Aldous Huxley decried "the horrors of modern 'pleasure, '" or the proliferation of mass produced, widely accessible entertainment that could degrade or dull the mind. He and his contemporaries, including James Joyce, T. S. Eliot, Gertrude Stein, D. H. Lawrence, and Jean Rhys, sought to radically redefine pleasure, constructing arduous and indirect paths to delight through their notoriously daunting work. Laura Frost follows these experiments in the art of unpleasure, connecting modernism's signature characteristics, such as irony, allusiveness, and obscurity, to an ambitious attempt to reconfigure bliss.

In The Problem with Pleasure, Frost draws upon a wide variety of materials, linking interwar amusements, such as the talkies, romance novels, the Parisian fragrance Chanel no. 5, and the exotic confection Turkish Delight, to the artistic play of Joyce, Lawrence, Stein, Rhys, and others. She considers pop cultural phenomena and the rise of celebrities such as Rudolph Valentino and Gypsy Rose Lee against contemporary sociological, scientific, and philosophical writings on leisure and desire.

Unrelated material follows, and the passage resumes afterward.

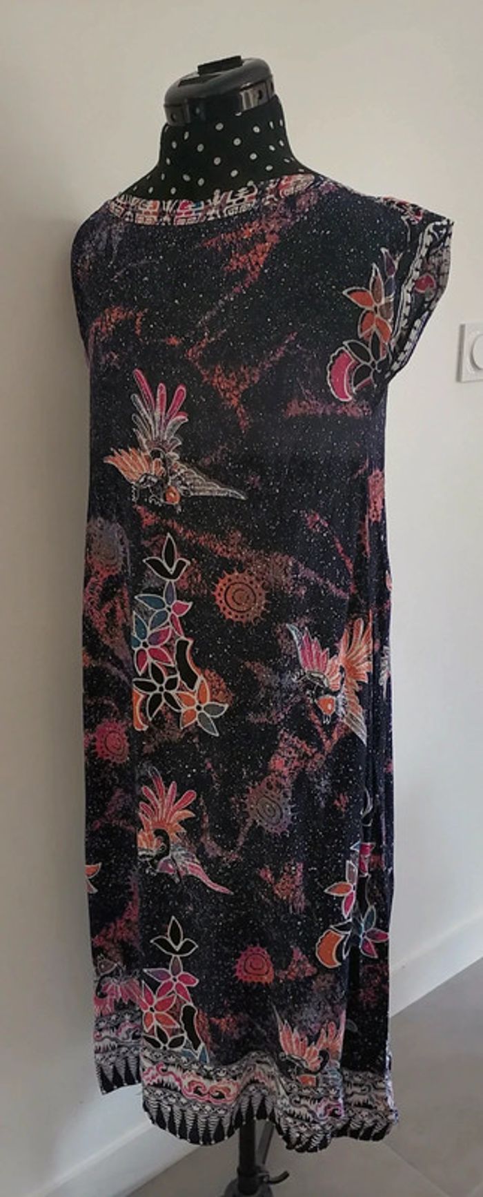 Robe d'été ciel étoilé fleurs bleu marine rose blanc orange Taille L Fait Main - photo numéro 2

Throughout her study, Frost incorporates recent scholarship on material and visual culture and vernacular modernism, recasting the period's high/low, elite/popular divides and formal strategies as efforts to regulate sensual and cerebral experience. Capturing the challenging tensions between these artists' commitment to innovation and the stimulating amusements they denounced yet deployed in their writing, Frost calls attention to the central role of pleasure in shaping interwar culture.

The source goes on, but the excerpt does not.